» EXERCISE AIM: If you see a picture in the data below, omit it and copy the rest exactly.

» DATA EXCERPT:
<<<<
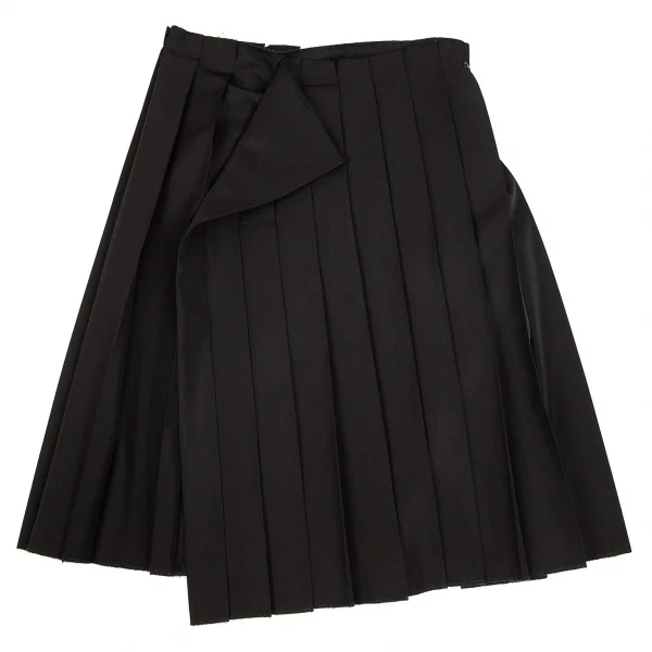 ヨウジヤマモト ファムYohji Yamamoto FEMME ウールポリギャバプリーツラップスカート 黒2
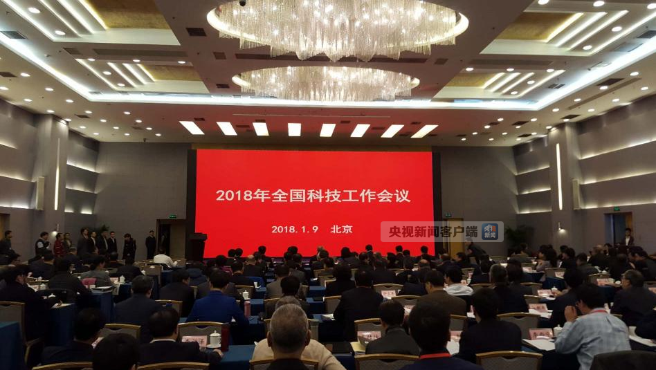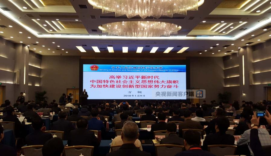 1月9日上午,2018年全国科技工作会议在北京开幕。科学技术部部长万钢作题为《高举习近平新时代中国特色社会主义思想伟大旗帜 为加快建设创新型国家努力奋斗》的报告。来自全国各地方科技管理部门、中央国家机关、民口国家科技重大专项实施管理办公室,科技部领导及各部门负责人、驻外科技参赞参加会议。(央视记者 李峥)
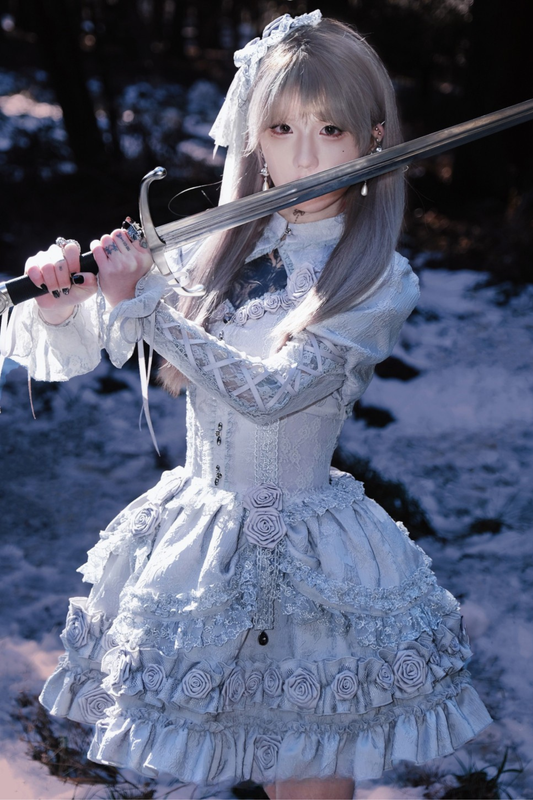 【2月23日予約締切】ドーンブレイカーゴシックフリルスタンドカラージャカードリボンシャツ
>>>>
» FINISHED TASK:
 ヨウジヤマモト ファムYohji Yamamoto FEMME ウールポリギャバプリーツラップスカート 黒2
 1月9日上午,2018年全国科技工作会议在北京开幕。科学技术部部长万钢作题为《高举习近平新时代中国特色社会主义思想伟大旗帜 为加快建设创新型国家努力奋斗》的报告。来自全国各地方科技管理部门、中央国家机关、民口国家科技重大专项实施管理办公室,科技部领导及各部门负责人、驻外科技参赞参加会议。(央视记者 李峥)
 【2月23日予約締切】ドーンブレイカーゴシックフリルスタンドカラージャカードリボンシャツ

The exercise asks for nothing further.